En la casa se hallaba muy bien. Había tenido seguramente en su vida temporadas de mayor felicidad, pero no de tan blando sosiego. Había visto días, los menos, eso sí, en que brillaba echando chispas el sol del alma, seguidos de otros en que se apagaba casi por completo; pero nunca vio una tan inalterable y mansa corriente de días tibios, iguales, de penumbra dulce y reparadora. Llevábase muy bien con Doña Lupe, y con su marido le pasaba lo más extraño que imaginar pudiera. No digamos que le quería, según su concepto y definición del querer; pero le había tomado un cierto cariño como de hermana o hermano. No era ni podía ser el hombre por quien la mujer da su vida, encontrando espiritual goce en este sacrificio; era simplemente un ser cuya conservación y bienestar deseaba. Y así como se supone y casi se entrevé una tierra lejana cuando se va navegando a la aventura, así entreveía ella la contingencia de quererle con amor más firme, y de pasar a su lado toda la vida, llegando a no desear nunca otra mejor. En vez de rehuir las obligaciones de su casa, Fortunata hacía por extenderlas y aumentarlas, conociendo que el trabajo le ayudaba a sostenerse en aquel equilibrio, sin balances de dicha, pero también sin penas, el corazón adormecido y aplanado, como bajó la acción de un bálsamo emoliente. Acordábase de los dos casos que le había presentado el bueno de Feijoo, y pensaba si ocurriría lo que ella tuvo por más inverosímil, esto es, que se realizara el primero. ¿Llegaría a conformarse con tal vida, y a contenerse con aquel fruto desabrido del amor sin apetecer otro más dulzón y menos sano?...

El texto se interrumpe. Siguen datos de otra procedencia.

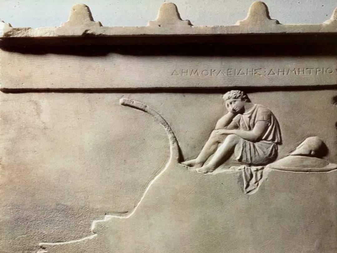 Επιτύμβια στήλη του ναυαγού Δημοκλείδη Εθνικό Αρχαιολογικό Μουσείο Συλλογή Έργων Γλυπτικής, αρ. ευρ. 752 Προέλευση: Άγνωστη Διαστάσεις: Ύψος 0,70 μ., πλάτος 0,45 μ. Χρονολόγηση: 400-375 π.Χ. Χώρος έκθεσης: Έκθεση Γλυπτών,...

Maximiliano, en cambio, no podía vencer su inquietud. Ningún motivo tenía para sospechar de su mujer, cuya conducta era absolutamente correcta. Doña Lupe y él convinieron en que jamás Fortunata saldría sola a la calle, y esto se cumplía al pie de la letra. Pero ni con tales seguridades acababa de tranquilizarse. Deseaba ardientemente tener hijos, por dos motivos: primero, para echarle a su cara mitad un lazo más y ligaduras nuevas; segundo, para que la maternidad desgastase un poco aquella hermosura espléndida que cada día deslumbraba más. La desproporción entre las estaturas de uno y otro, y entre el conjunto de su apariencia personal, mortificaba tanto al pobre chico, que hacía esfuerzos imposibles y a veces ridículos para amenguar aquella falta de armonía. Encargábase calzado con tacones altos, y se esmeraba en vestir bien y en atender a ciertos perfiles de que sólo se ocupan los
dandys
. Desgraciadamente, aunque Fortunata apenas se componía, la desproporción era siempre muy visible. Pero Maxi veía con gozo que su esposa se cuidaba poco de hacer resaltar su belleza, mirando con desdén las modas, y se alegraba por dos razones también: porque así se igualarían algo los dos consortes
o harían más juego
, y porque así la mirarían menos los extraños.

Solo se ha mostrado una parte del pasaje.